Peek v. Harvey

599 S.W.2d 674, 1980 Tex. App. LEXIS 3422
CourtCourt of Appeals of Texas
DecidedMay 13, 1980
DocketNo. 8785
StatusPublished
Cited by2 cases

This text of 599 S.W.2d 674 (Peek v. Harvey) is published on Counsel Stack Legal Research, covering Court of Appeals of Texas primary law. Counsel Stack provides free access to over 12 million legal documents including statutes, case law, regulations, and constitutions.

Bluebook
Peek v. Harvey, 599 S.W.2d 674, 1980 Tex. App. LEXIS 3422 (Tex. Ct. App. 1980).

Opinion

RAY, Justice.

This is an appeal from a final judgment declaring a local option election void and ordering that a new election be held.

Appellees (contestants), Richard C. Harvey, Claude Martin and R. T. Geary, filed an election contest attacking the validity of a local option election held on April 7,1979, in Annona, Texas, pursuant to Texas Alcoholic Beverage Code § 251.01, et seq. The Commissioner’s Court of Red River County, statutory contestee, filed its reply to the election contest. Appellants (intervenors), Barry J. Peek and Bobby L. Brem, filed their intervention in the election contest asserting a significant financial interest in the outcome of the disputed election. The intervenors filed a plea in abatement seeking to have the cause dismissed on the basis that the action was a collateral attack on an earlier annexation of East Annona by the city council of Annona and that such action was therefore subject to challenge only in a quo warranto proceeding. Alternatively, the appellants contended that if the annexation by the city council was void, as distin[675]*675guished from voidable, then the contestants had failed to demonstrate that they had the required standing to challenge such a void annexation.

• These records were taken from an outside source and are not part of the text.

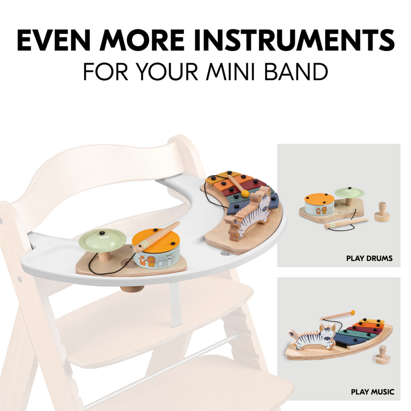 Един инструмент не е достатъчен за вашето музикално дете? Просто комбинирайте Play Drums S с детския инструмент Hauck Play Music – и музикалното парти започва!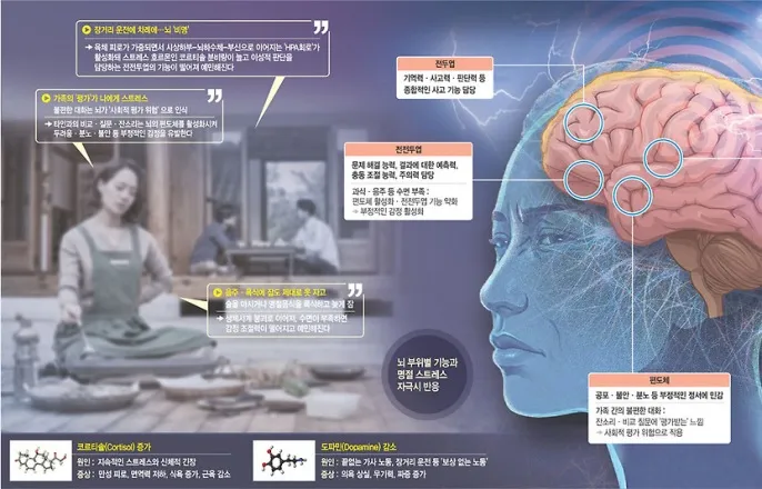 ■‘뇌과부하’작동방식과해소방법“취업했니?”“결혼은?”등가족에게받는‘사회적평가’뇌가위협신호로신속감지‘코르티솔’호르몬분비촉진사소한말도크게받아들여폭식·음주·수면변화겹쳐생체리듬교란이어지기도충분한휴식·걷기등도움“요즘만나는사람은있니”“뉴스에서도‘쉬었음청년’이야기가나오던데꼭네이야기같더라”“아이계획은있니”….지난주설연휴에들었던말들이아직도귓가에울리는것만같다.귀성길교통체증,명절음식준비,오랜만에만난가족과의불편한대화를보내고맞은주말은쏜살같이지나간다.전쟁같은명절을보내고난뒤면심신은평소보다피로하고예민한상태다.“나만유난인가”라는자책이따라붙다가도거울앞에서면푸석한피부와짙은다크서클이반긴다.명절스트레스는정말내마음가짐이부족해서일까?사실은‘뇌가작동하는방식’과맞닿아있다.핵심은한가지사건이아니라동시에몰려오는부담이다.가족앞에서사회적역할을평가받는다는부담,일정관리와각종집안일로인한과부하,이동·음주·폭식으로흔들리는생체리듬이복합적으로얽힌결과다.뇌는이런복합신호를처리하는과정에서감정조절기능이흔들리고에너지를빠르게소모한다.명절에힘든것은의지가약해서가아니라뇌가‘과부하’상태에들어갔기때문일수있다.명절은이런조건들이한꺼번에겹치기쉬운시간이다.역할과기대가충돌하고,수면과리듬이흔들리면뇌는쉽게과부하상태에들어간다.압박이과하면뇌는이를위기상황으로인식하고코르티솔을올려긴장상태에빠지고수면이무너지면감정조절이더어려워진다.명절이아니더라도누군가의사회적판단에상시노출되거나잦은음주·야식을즐기고불규칙한수면이습관화된사람이라면심신이극도의스트레스에놓일가능성이매우크다.◇가족의‘평가’가나에게는스트레스=뇌는‘사회적평가’에대해경계한다.갈등은대개큰사건에서시작되지않는다.“요즘은뭐하니”“결혼은언제하니”“왜이렇게말랐니(살쪘니)”같은질문이반복되다가어느순간감정이확치솟는다.사람은타인의평가를받을때위협신호를빠르게감지한다.구체적으로는‘내가수행한과제가타인으로부터부정적으로평가될가능성이있을때’이미스트레스호르몬인코르티솔이증가하기시작한다.미국캘리포니아대의샐리디커슨교수에따르면이같은‘사회평가적위협’은인간의뇌가받는가장강한스트레스경험중하나로,실제부정적평가가발생하기이전에이미위협상황을감지한뇌가작동하기시작한다.뇌속편도체가위험신호를판단하면몸은즉각긴장상태에들어간다.편도체가‘위험’을감지하면심박수가빨라지고호흡이가빠지며,스트레스반응을이끄는HPA(시상하부-뇌하수체-부신)축이가동돼코르티솔분비가늘수있다.코르티솔은단기적으로각성수준을끌어올려대응을돕지만긴장이누적되면사소한말도더크게받아들이게만든다.문제는가족의‘평가’가낯선타인의평가보다더강력하게작동하기쉽다는점이다.오랜관계에서는말의표면적의미뿐아니라과거경험,기대와실망,역할갈등이함께떠오르기때문이다.당장의갈등이마무리되고사과나해명이오가더라도뇌는이미위협신호를처리한뒤일때가많다.이때이성적판단과충동억제를담당하는전전두엽의기능은스트레스와피로에취약해진다.말을걸러내는브레이크가약해진상태에서평가신호가들어오면,평소라면넘길말에도반응이과해지기쉽다.◇도파민고갈되고잠도못자=스트레스가지속되면‘보상체계’도흔들린다.해야할일이끝없이이어지고노력에비해즉각적인보상이불분명한상황에서는동기와의욕을조절하는뇌의보상신호가둔화할수있다.운전과대기,장보기와조리,설거지와정리같은일은끝이명확하지않다.뇌는노력대비보상이적다고느끼면동기와의욕을조절하는도파민등호르몬의균형이흔들리기쉽다.기대했던보상이돌아오지않을때도파민신호가낮아지는‘보상예측오차’반응이나타나는것이다.누락이계속되고만성화될수록뇌내도파민보상신호가약해질가능성이크다.활력이떨어지고같은자극에도즐거움이덜느껴지며짜증과무기력이늘어난다.여기에수면패턴교란이겹치면상황은더악화된다.늦은취침과이른기상,길어진낮잠,이동으로단절된수면은생체리듬을흔든다.폭식과음주도수면의질을떨어뜨리는요인이다.수면이부족하면전전두엽의조절능력이더떨어지고,편도체의반응은더커진다.즉감정은더커지고제어는더약해지는것이다.평소에는괜찮던농담이상처로느껴지고작은오해가다툼으로번지기도한다.피곤한데잠은안오는상태가이어진다면이는의지문제가아니라생체리듬이교란된결과일가능성이있다.◇홀로회복하는시간필요해=그렇다면해법은무엇일까.‘참아라’라는조언은뇌과학적으로도실효성이낮다.이미뇌가위협신호를처리한뒤에는인내심을끌어다쓰는것자체가비용이크다.대신회복에집중하는것이현실적이다.가장기본은수면이다.일정과자극이늘어나는시기,예컨대명절에는평소보다가능하다면잠을30분이라도더확보하는편이낫다.잠이회복되면전전두엽의조절능력도함께돌아와과도한반응이줄어들수있다.짧은걷기도도움이된다.10∼15분만이라도밖을걸으면긴장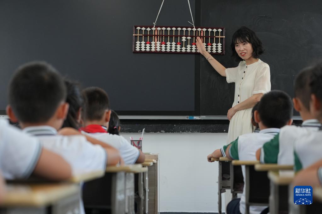 9月6日,在安徽省黃山市屯溪大位小學,汪素秋在課堂上講解珠算知識。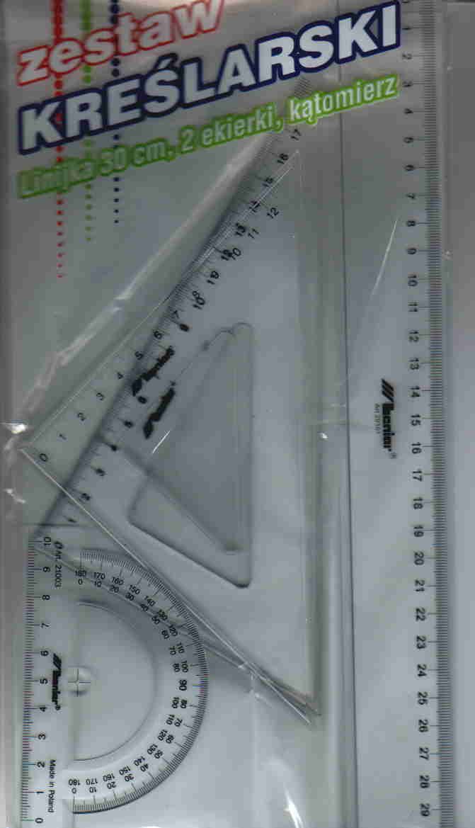 Zestaw kreślarski Szkolny pomoce geometryczne szkolne : linijka , 2 ekierki i kątomierz wykonany z przeźroczystego tworzywa podcięcie do kreślenia tuszem zestaw kreślarski zawiera 4 szt: ekierka 45o 19cm ( nr 10021) ekierka 45o 13cm (nr 10020) kątomierz 180o (nr 21003) linijka przeźroczysta 30cm ( …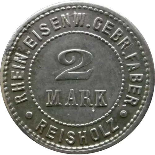 | Legenda del dritto | RHEIN. EISENW. GEBR. FABER 2 MARK ● REISHOLZ ● |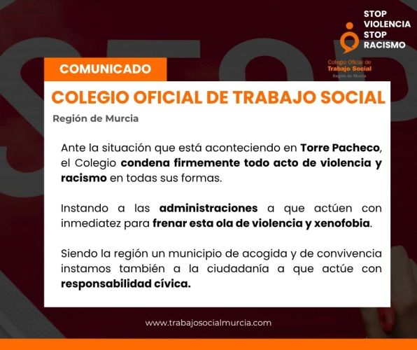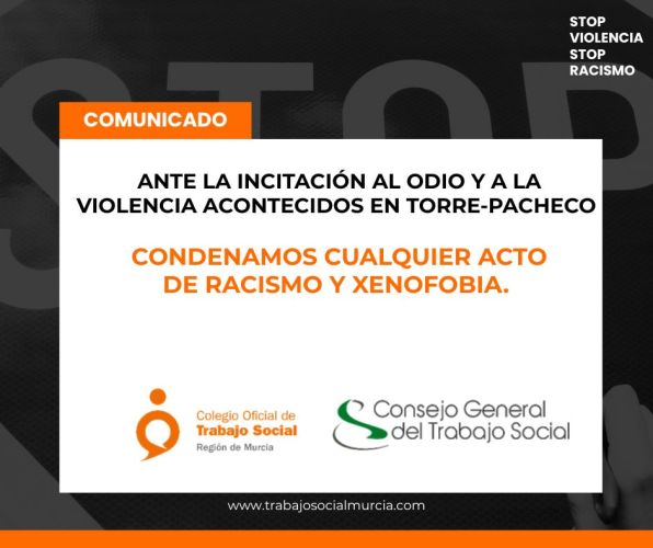 El Colegio y el CGTS ante la incitación al odio y a la violencia acontecidos en Torre-Pacheco condenan cualquier acto de racismo y xenofobia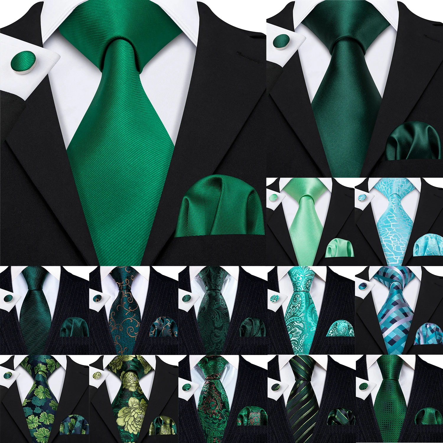 Barry.Wang Green Silk Mens Tie Hanky Cufflinks Set Mint Grass Teal Bottle Sage Pea Green Necktie For Male Wedding Business Party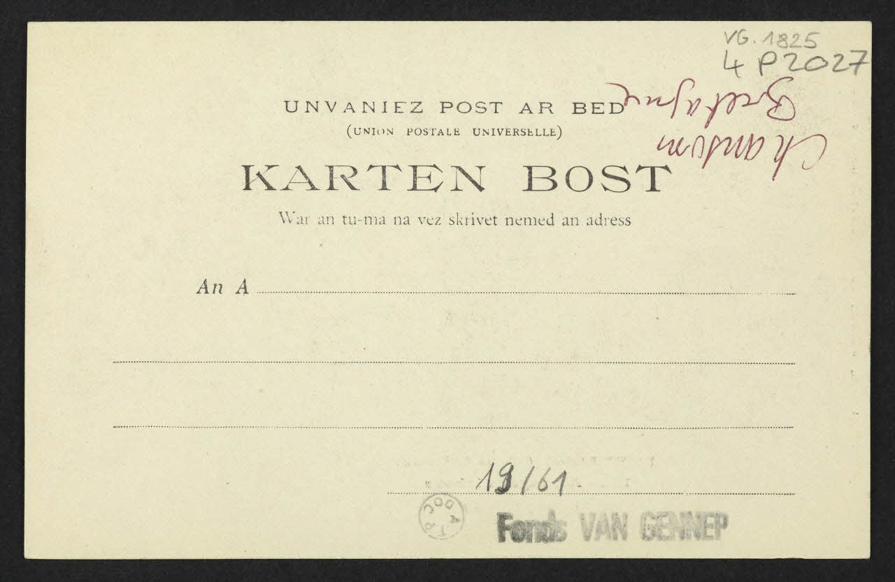 Date : 1957Acteur : Arnold Van Gennep (Donateur)Autres associations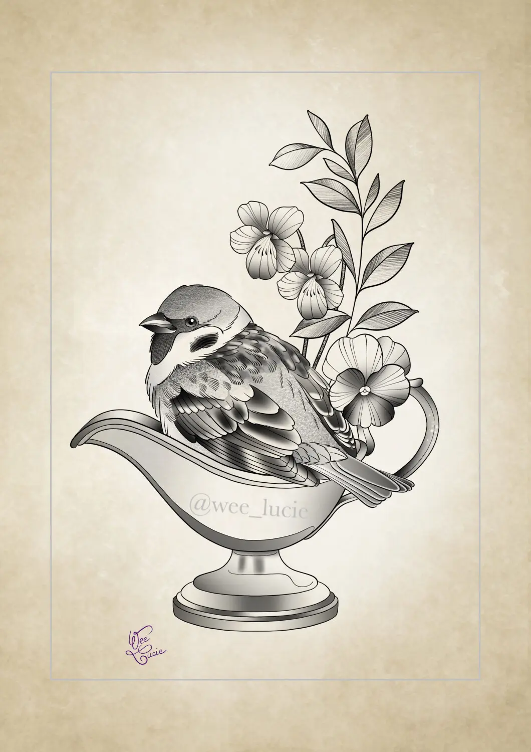 Moineau dans une saucière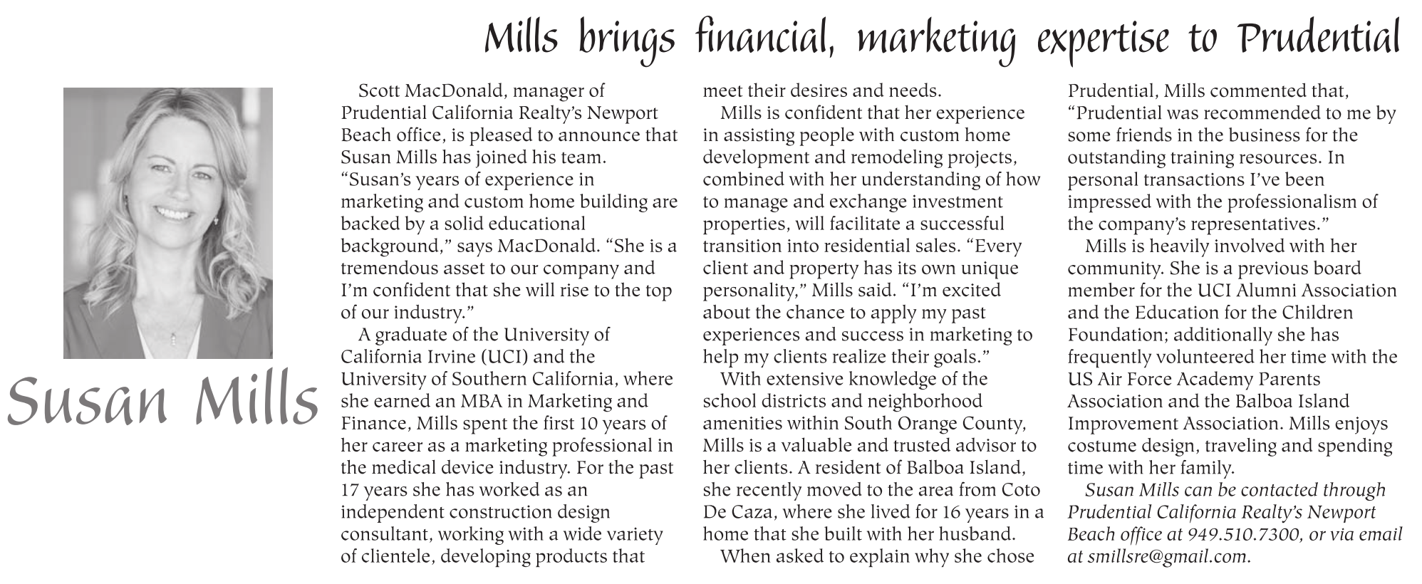 Susan Mills can be contacted through Prudential California Realty’s Newport Beach office at 949.510.7300, or via email at smillsre@gmail.com.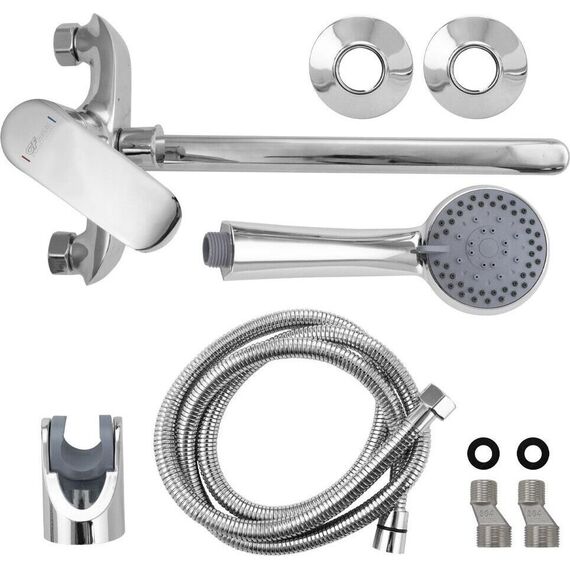 Смеситель хромированный в ванную / душевую комнату с длинным, плоским изливом, тяжёлый, массивный корпус, шаровый, с дивертором м/к на корпусе. Материал изготовления — ЦАМ (цинк-алюминий-медь) + нержавеющая сталь. Картридж d = 35 мм, литая ручка, аэратор для экономии воды, чашки и эксцентрики из нержавеющей стали. Габаритные размеры: ширина 150 мм, высота корпуса 150 мм, длина излива 340 мм, трёхрежимная душевая лейка d = 75 мм, шланг 150 см. Вес - 2,100 кг, объём - 0,00653 м3. В комплекте паспорт, корпус с изливом, дивертор, душевая лейка, шланг, кронштейн , комплект крепежа и прокладок.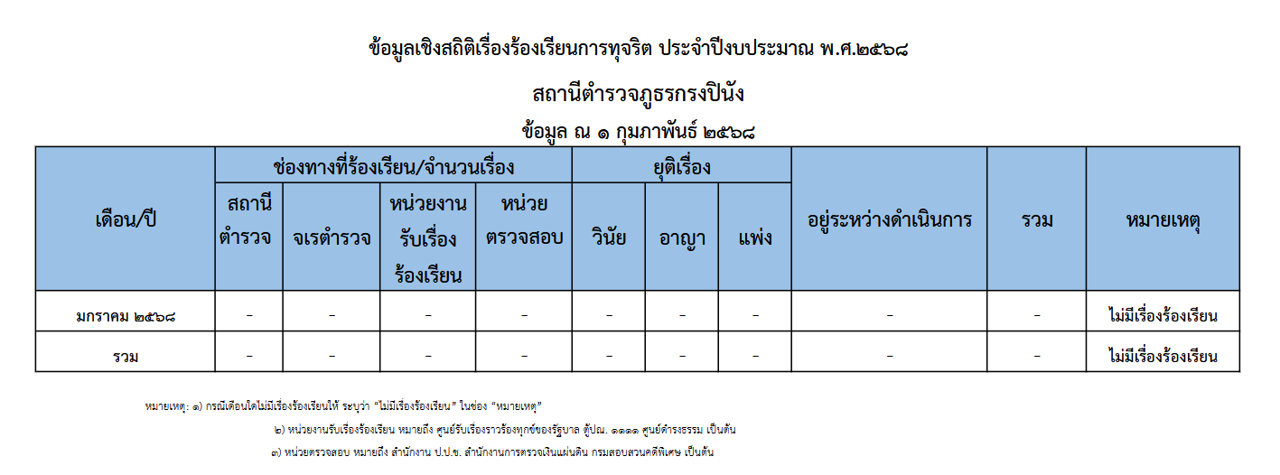 ข้อมูลเชิงสถิติเรื่องร้องเรียนการทุจริต เดือน ม.ค.68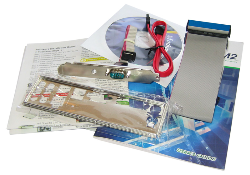 Der Lieferumfang der ECS-Platine fällt, wie man es von einem günstigen µATX-Mainboard erwartet, nicht so üppig aus. Neben nötigen Komponenten wie einem ATX-I/O-Shield, einer Treiber-CD und einem Handbuch samt Kurzanleitung, beinhaltet die Verpackung nur wenige weitere Elemente: Ein SATA-Kabel, ein IDE-Kabel und eine Slotblende zur Realisierung eines seriellen Anschlusses. Zwar handelt es sich um eine im Formfaktor beschnittene Platine die auch erwartungsgemäß in entsprechend kleineren Gehäusen zum Einsatz kommen wird, doch hätten wir uns ein wenig mehr vom Lieferumfang erhofft.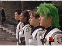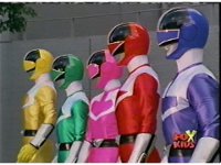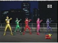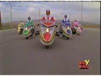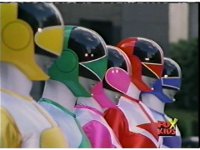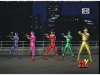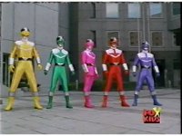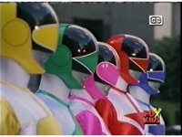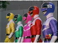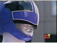 The Time Force Rangers stand around, then we see close-up beauty shots of their helmets. |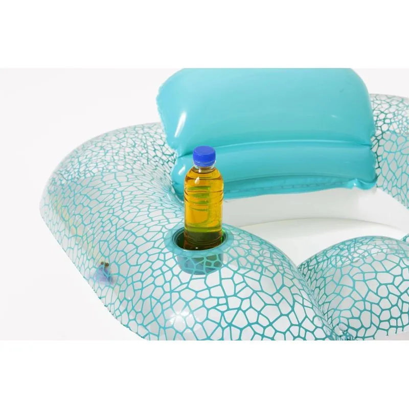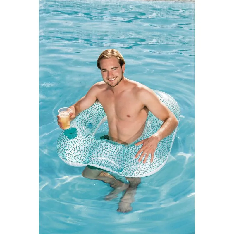 Šis piepūšamais peldēšanas kvadrāts ar spilvenu ir ar regulējamu atzveltni un krūzīšu turētāju.
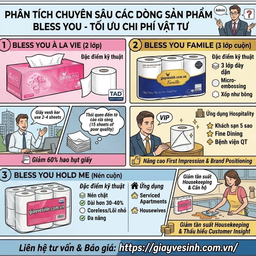 Không có một loại giấy vệ sinh nào là “tốt nhất” cho mọi hoàn cảnh. Việc quản trị vật tư thông minh nằm ở chỗ bạn chọn đúng sản phẩm cho đúng mục đích sử dụng. Nhằm đáp ứng mọi nhu cầu từ dân dụng đến công nghiệp, Giấy Sài Gòn đã phát triển 3 dòng sản phẩm chủ lực mang thương hiệu Bless You, mỗi dòng mang một sứ mệnh kinh tế học riêng biệt.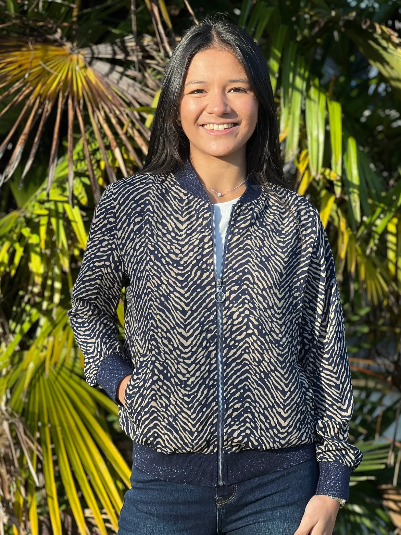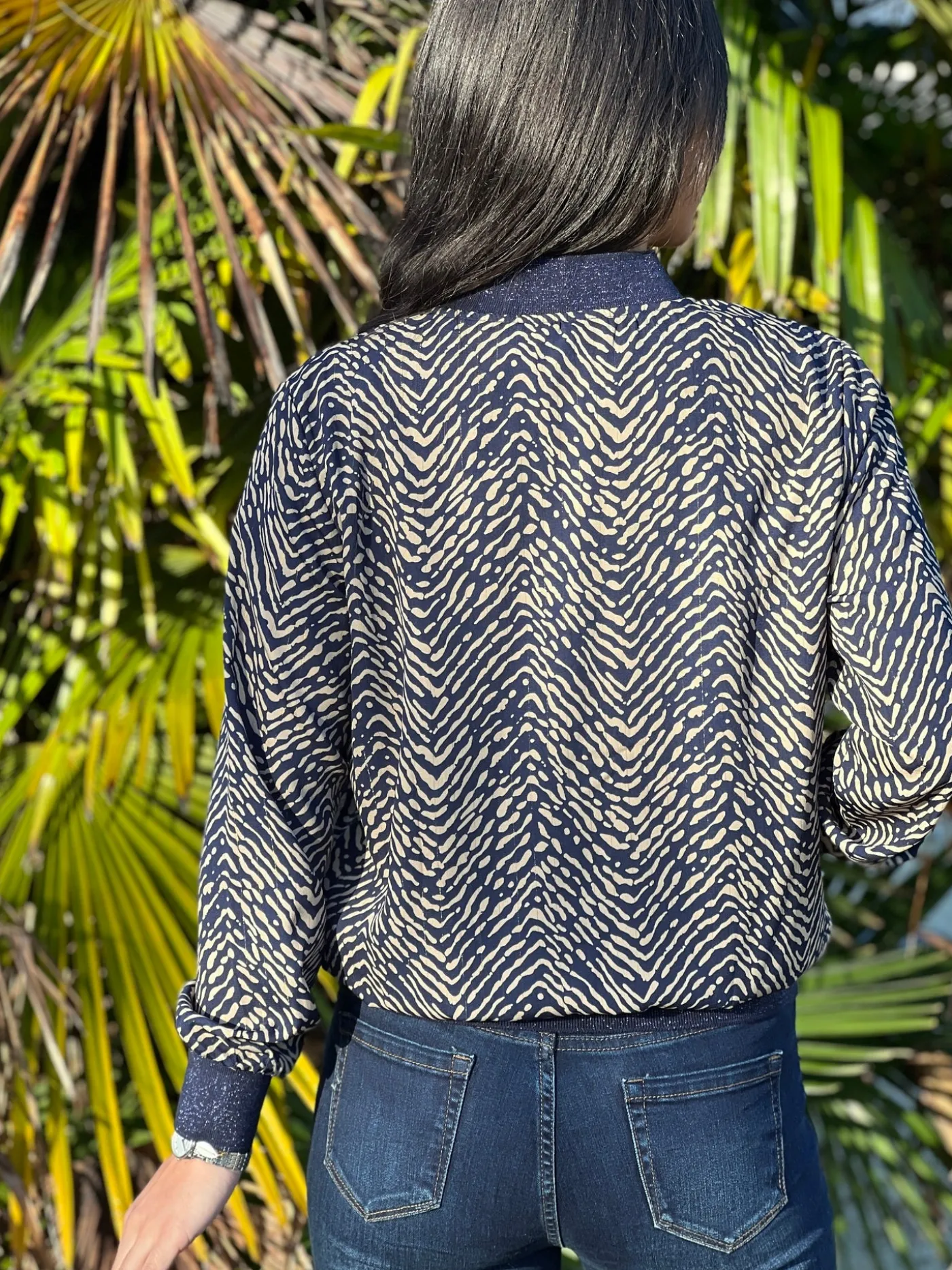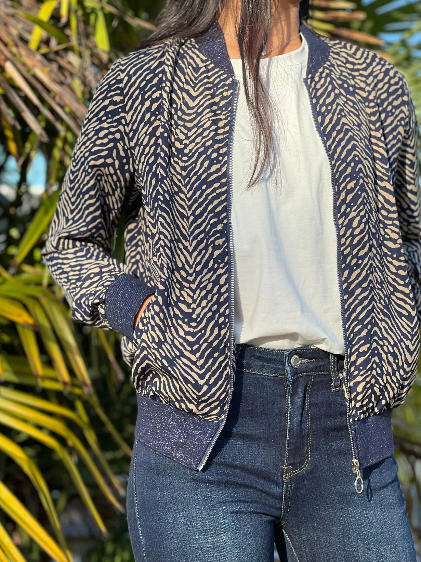 - BOMBER MOTIF ANIMALIER BLEU ET ECRU

The trial court denied intervenors’ plea in abatement, denied their motion for disqualification of Pat C. Beadle and Pat F. Beadle and proceeded to trial without a jury. The court thereafter entered its judgment that the election was void and ordered a new election to be held. Findings of fact and conclusions of law were filed which essentially found that the Commissioner’s Court of Red River County canvassed the votes and determined that 110 votes were cast in favor of legalizing the sale of all alcoholic beverages for off premises consumption and that 106 persons voted against such proposal; that 19 of the total votes cast were illegal votes because those 19 voters were not residents of the City of Annona; and, that by reason of the fact there was only a 4 vote margin in the election results, the 19 illegal votes constituted such an irregularity in the holding of the election that the true result of the election was impossible to determine.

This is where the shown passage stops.